From conservation of angular momentum:

$$\frac{v_p}{v_a} = \frac{r_a}{r_p} = \frac{3 \times 10^{11}}{1 \times 10^{11}} = 3$$

Answer (b): 3:1 (Three times faster at perihelion!)

(c) Time period:

$$T = 2\pi\sqrt{\frac{a^3}{GM}}$$ $$T = 2\pi\sqrt{\frac{(2 \times 10^{11})^3}{6.67 \times 10^{-11} \times 2 \times 10^{30}}}$$ $$T = 2\pi\sqrt{\frac{8 \times 10^{33}}{13.34 \times 10^{19}}}$$ $$T = 2\pi\sqrt{0.6 \times 10^{14}} = 2\pi \times 7.75 \times 10^6$$ $$T \approx 4.87 \times 10^7 \text{ s}$$

Converting to years: $T = \frac{4.87 \times 10^7}{365.25 \times 24 \times 3600} = \frac{4.87 \times 10^7}{3.156 \times 10^7} \approx 1.54$ years

Answer (c): 1.54 years or about 563 days

Problem 8 (Very Challenging)

Jupiter’s moon Io has an orbital period of 1.77 days and orbital radius of $4.22 \times 10^8$ m. Using this data, calculate the mass of Jupiter. (G = $6.67 \times 10^{-11}$ N·m²/kg²)

Solution:

From Kepler’s Third Law:

$$T^2 = \frac{4\pi^2}{GM} r^3$$ $$M = \frac{4\pi^2 r^3}{GT^2}$$

Convert period to seconds:

$$T = 1.77 \times 24 \times 3600 = 152,928 \text{ s}$$ $$M = \frac{4\pi^2 \times (4.22 \times 10^8)^3}{6.67 \times 10^{-11} \times (152,928)^2}$$ $$M = \frac{4 \times 9.87 \times 75.15 \times 10^{24}}{6.67 \times 10^{-11} \times 2.338 \times 10^{10}}$$ $$M = \frac{2967 \times 10^{24}}{15.59 \times 10^{-1}} = \frac{2967 \times 10^{24}}{1.559}$$ $$M \approx 1.90 \times 10^{27} \text{ kg}$$

Answer: $M_{Jupiter} \approx 1.90 \times 10^{27}$ kg

Check: Actual mass of Jupiter = $1.898 \times 10^{27}$ kg — excellent agreement!

This is how astronomers find masses of distant planets!

Quick Revision Box

LawKey FormulaJEE Application
First Law$r = \frac{a(1-e^2)}{1+e\cos\theta}$Perihelion: $a(1-e)$, Aphelion: $a(1+e)$
Second Law$\frac{dA}{dt} = \frac{L}{2m}$$r_p v_p = r_a v_a$ (speed comparison)
Third Law$T^2 = \frac{4\pi^2}{GM}r^3$Finding T from r, or vice versa

Key Relations:

  • $T \propto r^{3/2}$
  • $v \propto r^{-1/2}$
  • $\omega \propto r^{-3/2}$

Special Values:

  • Earth’s orbit: $a = 1.5 \times 10^{11}$ m, $T = 365.25$ days, $e = 0.017$
  • Satellite at Earth’s surface: $T \approx 84$ minutes

Within Gravitation Chapter

Connected Chapters

Math Connections

Teacher’s Summary

Key Takeaways

  1. Three Laws, One Foundation: All three laws follow from Newton’s law of gravitation — observation led to theory!

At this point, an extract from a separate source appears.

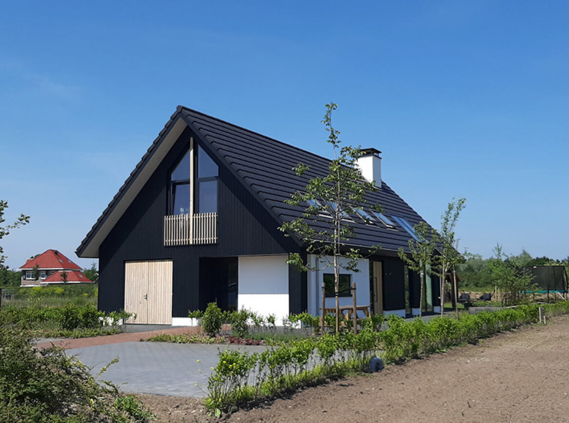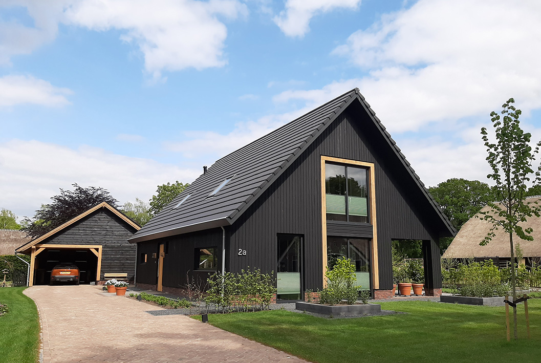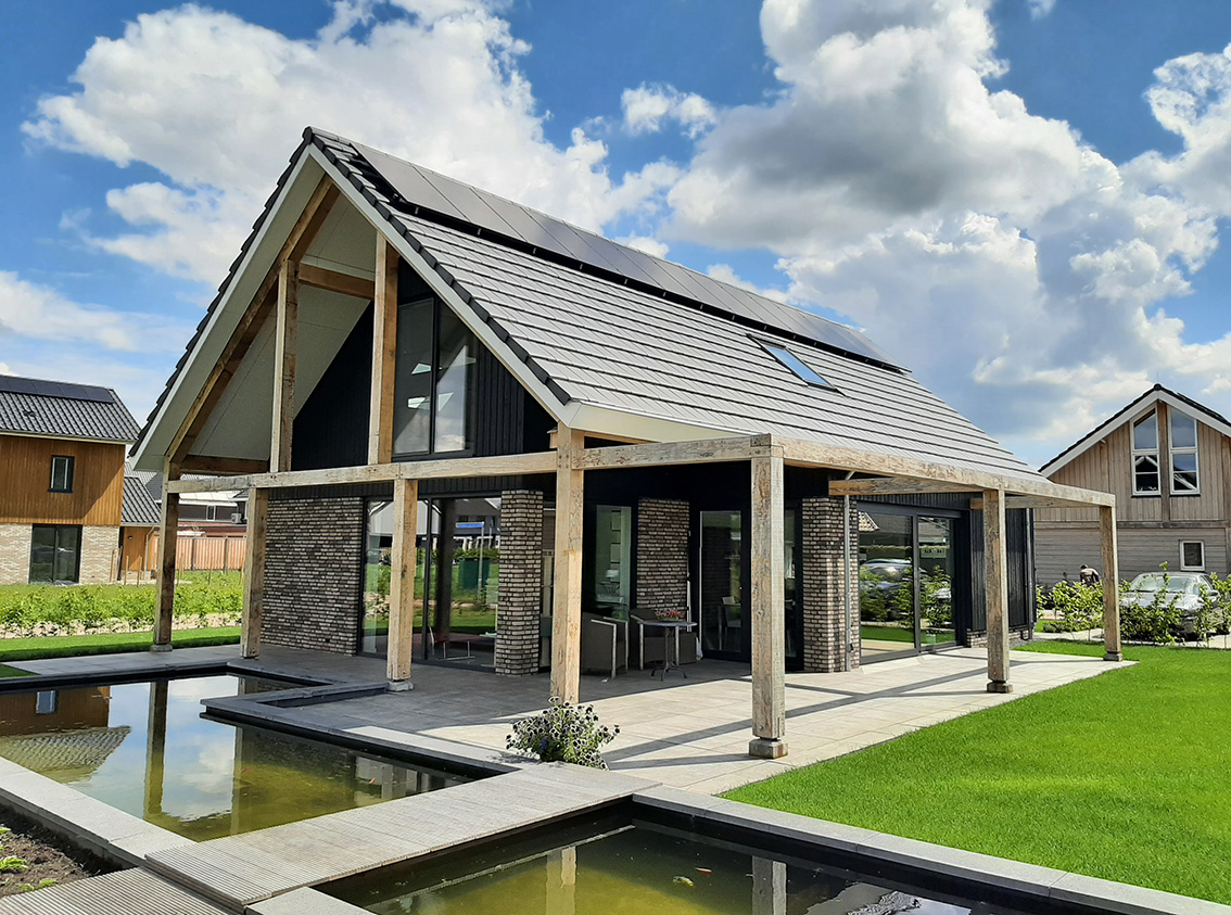 Eiken gebinten, Energiezuinig, Houten gevelbekleding, Houten kozijnen, HSB prefab kapconstructie, Keramische dakpannen, Terrasoverkapping, Triple beglazing, Veranda

  2. First Law: Orbits are ellipses (circles are special case) — Sun at one focus, not center

  3. Second Law: Equal areas = Conservation of angular momentum — faster when closer to Sun

  4. Third Law: $T^2 \propto r^3$ — THE most important for JEE calculations! Know it cold.

  5. Universal Application: Same laws govern planets, moons, satellites, binary stars — from solar system to galaxies

“Kepler looked at data and found patterns. Newton explained WHY those patterns exist. You must know both — the WHAT (Kepler’s laws) and the WHY (Newton’s derivation). Master this, and the cosmos becomes predictable!”